NEW DELHI: In a landmark move, India have inked a historic Trade and Economic Partnership Agreement (TEPA) worth $100 billion with the European Free Trade Association (EFTA).  

EFTA comprises Iceland, Liechtenstein, Norway, and Switzerland.

The agreement, finalised after 16 years of negotiations, is expected to significantly boost trade and economic cooperation between India and these prosperous European nations.

Lowering Barriers, Expanding Markets

The TEPA paves the way for increased market access for both Indian and EFTA businesses. India will progressively eliminate import tariffs on a wide range of industrial products from EFTA countries. Conversely, EFTA members will open their markets to Indian goods, making Indian exports more competitive. This reduction in trade barriers is expected to streamline customs procedures and encourage trade flows.

Investment and Growth

The agreement extends beyond just tariff reductions. It also includes provisions to attract investments from EFTA countries into key Indian sectors like pharmaceuticals, machinery, and manufacturing. This influx of foreign capital is expected to fuel economic growth and create new job opportunities in India.

A Strategic Partnership

Analysts believe the TEPA is a strategic win for both sides.
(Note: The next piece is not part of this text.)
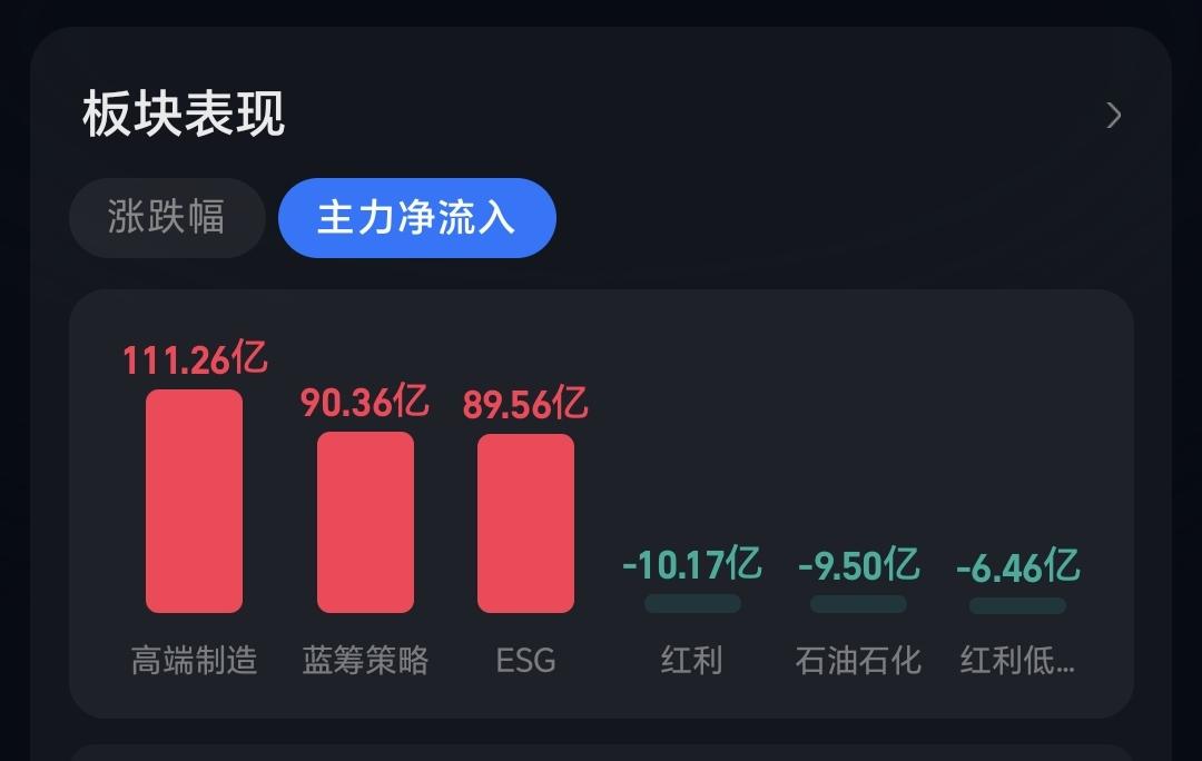 整个市场主力资金净流入最多的三个板块是:高端制造板块,蓝筹策略板块,esg板块,主力资金净流出最多的三个板块是:红利板块,石油石化板块,红利低波板块。

India gains access to high-income European markets, while EFTA nations can diversify their supply chains and tap into India’s growing consumer base. The deal is also seen as a step towards strengthening political and economic ties between India and Europe.
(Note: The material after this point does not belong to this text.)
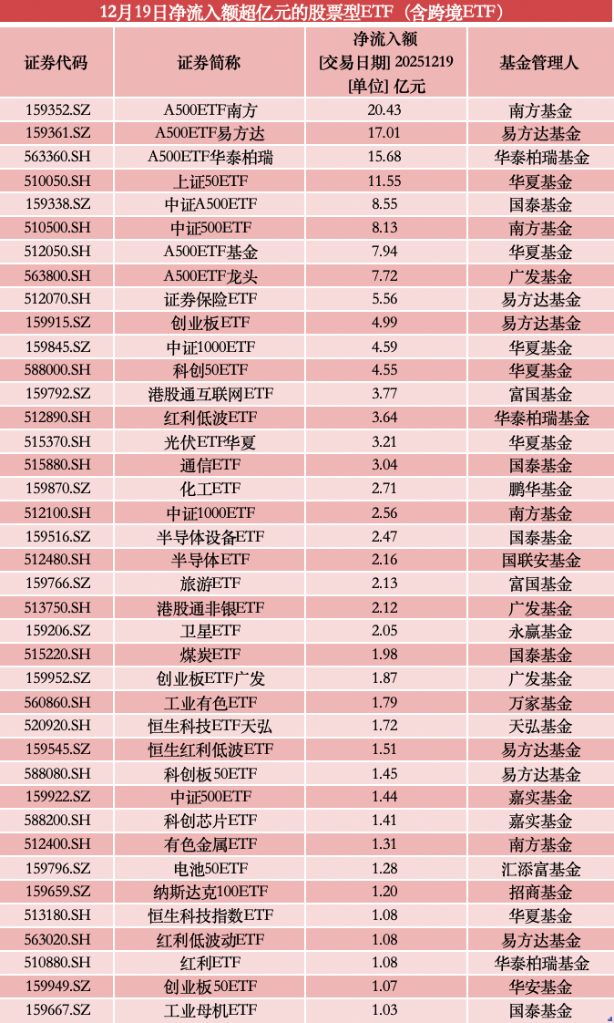 具體產(chǎn)品方面,12月19日凈流入額前三的均為A500ETF:南方中證A500ETF、易方達(dá)中證A500ETF、華泰柏瑞中證A500ETF分別獲凈流入20.43億元、17.01億元和15.68億元。緊隨其后的華夏上證50ETF、國(guó)泰中證A500ETF、南方中證A500ETF、華夏中證A500ETF、廣發(fā)中證A500ETF單日凈流入均超過(guò)5億元。

Challenges and Opportunities

Despite the optimism, some concerns remain. Indian manufacturers might face competition from cheaper EFTA imports in certain sectors. However, the government is confident that increased competition will ultimately lead to greater innovation and efficiency in Indian industries.

Looking Ahead

The India-EFTA TEPA is a significant development with the potential to reshape trade dynamics between the regions. With both sides committed to its implementation, the coming years will be crucial in evaluating the deal’s impact on economic growth, job creation, and overall bilateral relations.